*Try it:* With the pictures omitted, print exactly the lines below, from the one containing "Considerando la superficie" through the one containing "For a truly", and nothing else.

*Records for processing:*
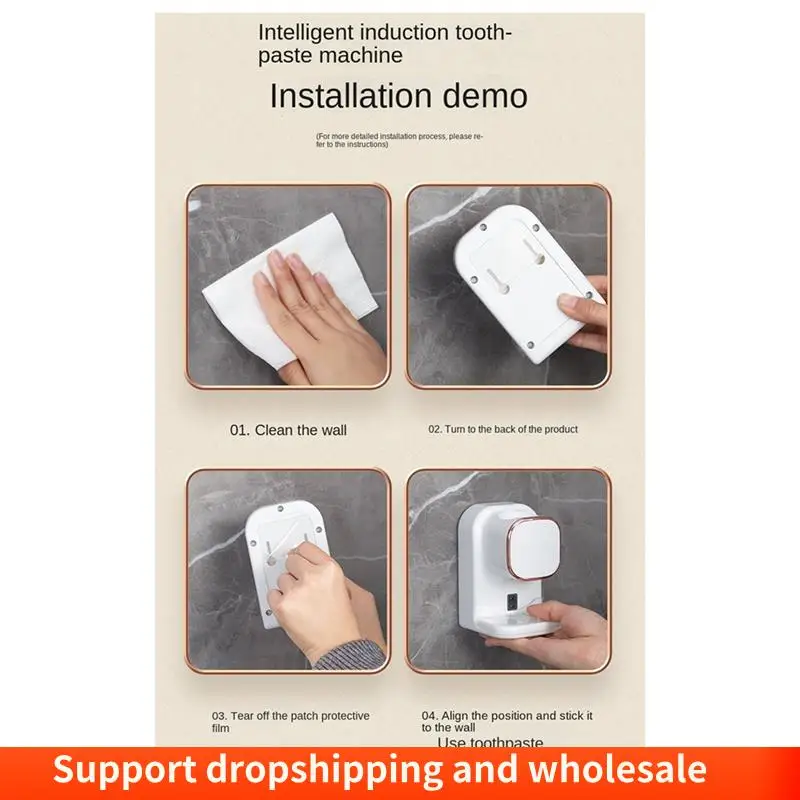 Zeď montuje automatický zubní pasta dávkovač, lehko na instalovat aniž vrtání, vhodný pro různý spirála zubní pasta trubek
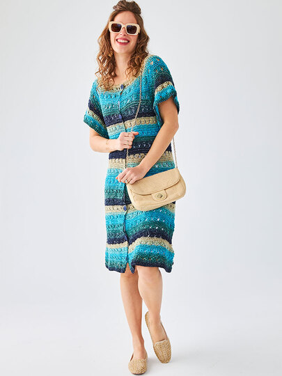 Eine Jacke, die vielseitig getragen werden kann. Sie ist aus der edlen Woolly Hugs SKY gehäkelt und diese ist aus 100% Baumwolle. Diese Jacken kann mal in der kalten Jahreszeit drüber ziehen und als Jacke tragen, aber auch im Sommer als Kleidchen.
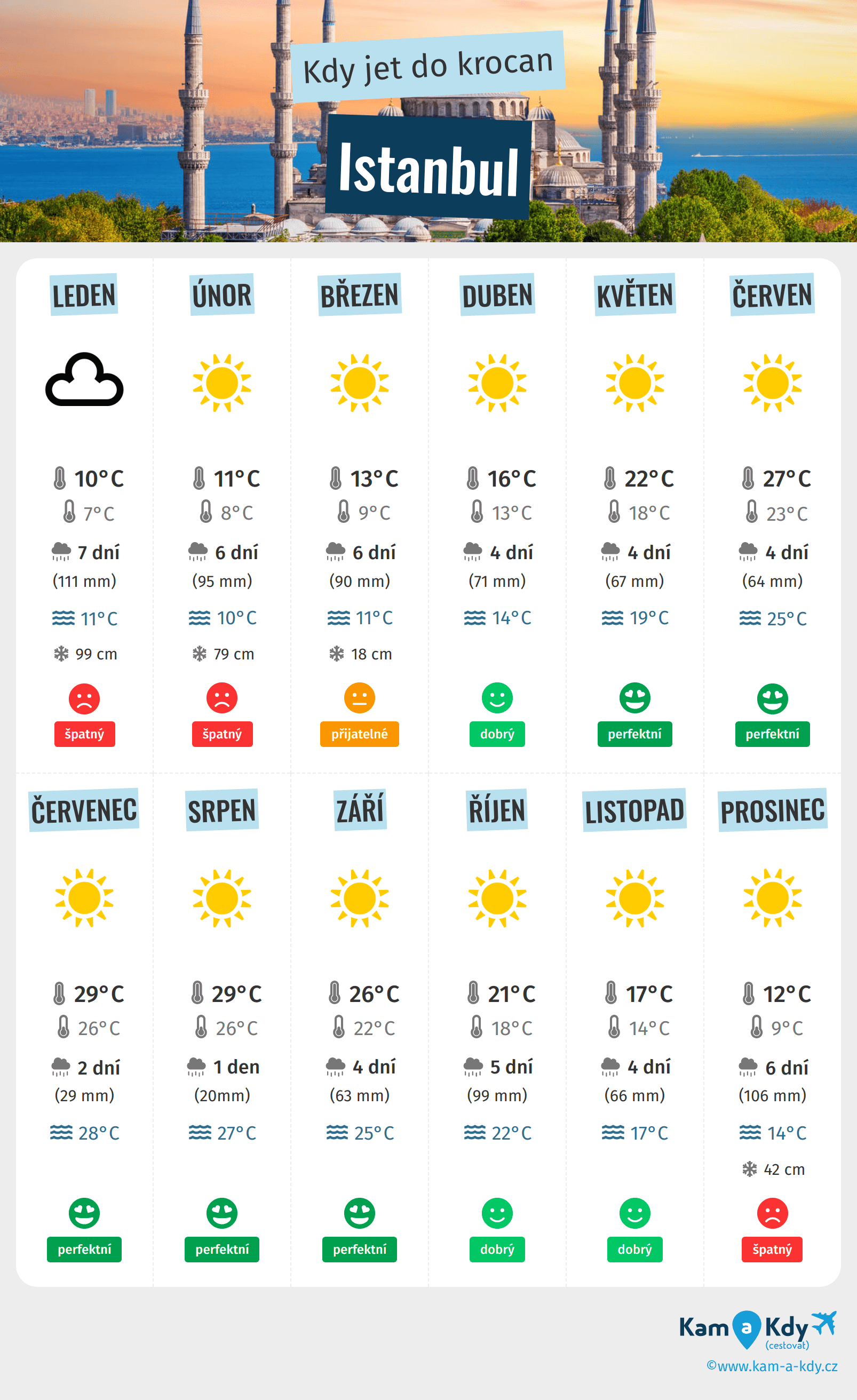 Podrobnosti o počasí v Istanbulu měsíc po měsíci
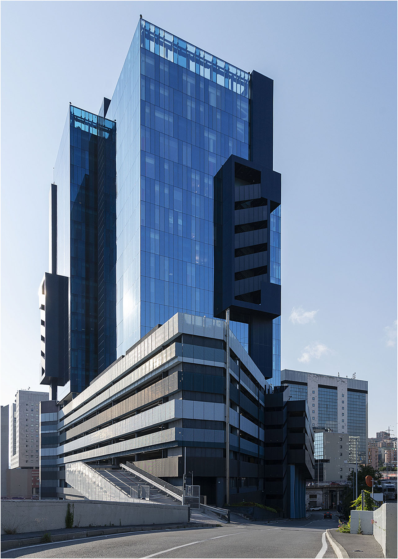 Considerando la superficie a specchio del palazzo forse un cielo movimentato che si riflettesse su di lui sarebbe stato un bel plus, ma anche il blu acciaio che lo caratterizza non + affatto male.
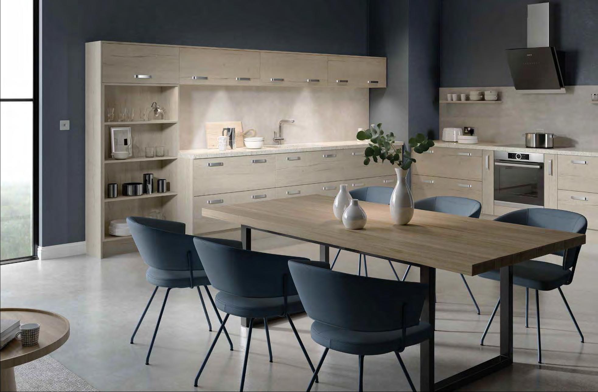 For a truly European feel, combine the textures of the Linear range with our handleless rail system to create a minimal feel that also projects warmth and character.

==

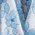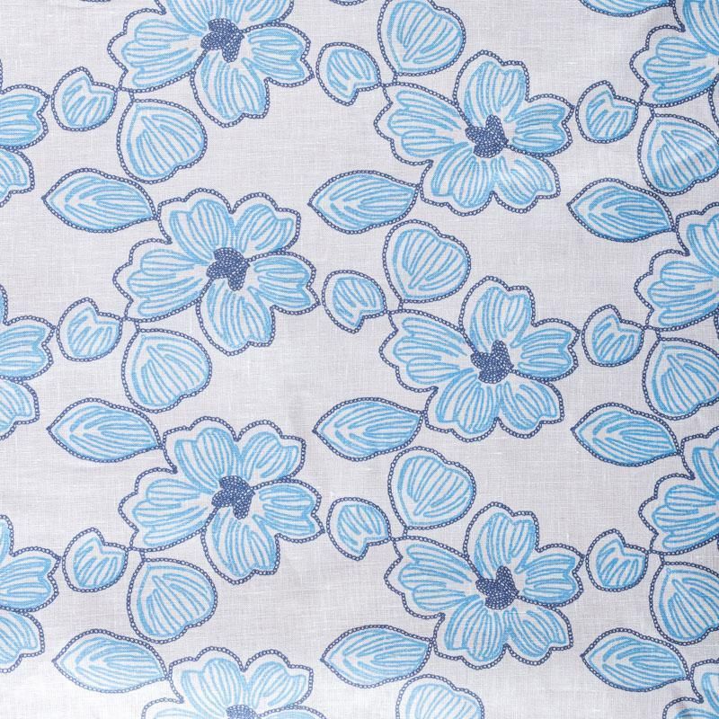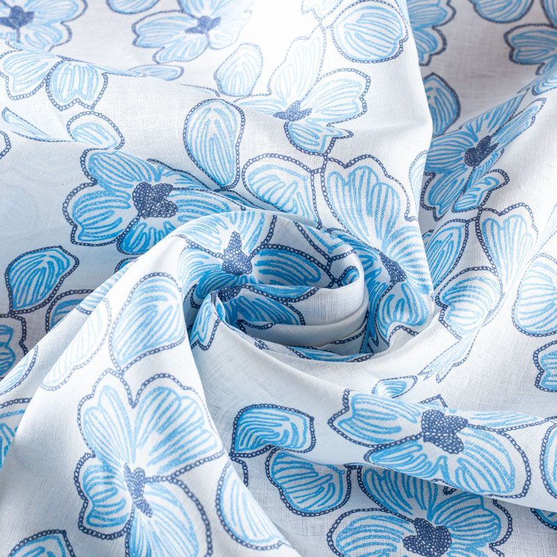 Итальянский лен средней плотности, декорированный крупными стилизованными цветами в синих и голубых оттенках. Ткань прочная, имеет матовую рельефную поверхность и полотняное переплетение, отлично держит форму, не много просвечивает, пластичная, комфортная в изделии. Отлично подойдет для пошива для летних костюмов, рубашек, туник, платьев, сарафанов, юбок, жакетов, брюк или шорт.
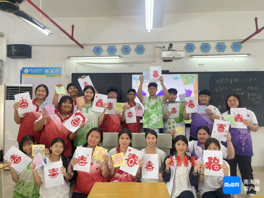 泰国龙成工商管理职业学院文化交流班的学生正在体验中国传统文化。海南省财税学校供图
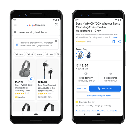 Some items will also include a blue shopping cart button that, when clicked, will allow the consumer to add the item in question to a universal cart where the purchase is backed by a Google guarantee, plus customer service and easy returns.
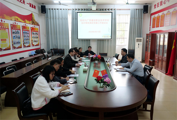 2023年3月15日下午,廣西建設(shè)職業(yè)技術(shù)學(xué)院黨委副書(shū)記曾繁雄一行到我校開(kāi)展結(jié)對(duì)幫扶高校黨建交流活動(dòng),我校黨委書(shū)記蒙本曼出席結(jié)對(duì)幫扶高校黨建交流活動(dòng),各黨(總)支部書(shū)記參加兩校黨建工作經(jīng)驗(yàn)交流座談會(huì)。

*Answer space:*
 Considerando la superficie a specchio del palazzo forse un cielo movimentato che si riflettesse su di lui sarebbe stato un bel plus, ma anche il blu acciaio che lo caratterizza non + affatto male.
 For a truly European feel, combine the textures of the Linear range with our handleless rail system to create a minimal feel that also projects warmth and character.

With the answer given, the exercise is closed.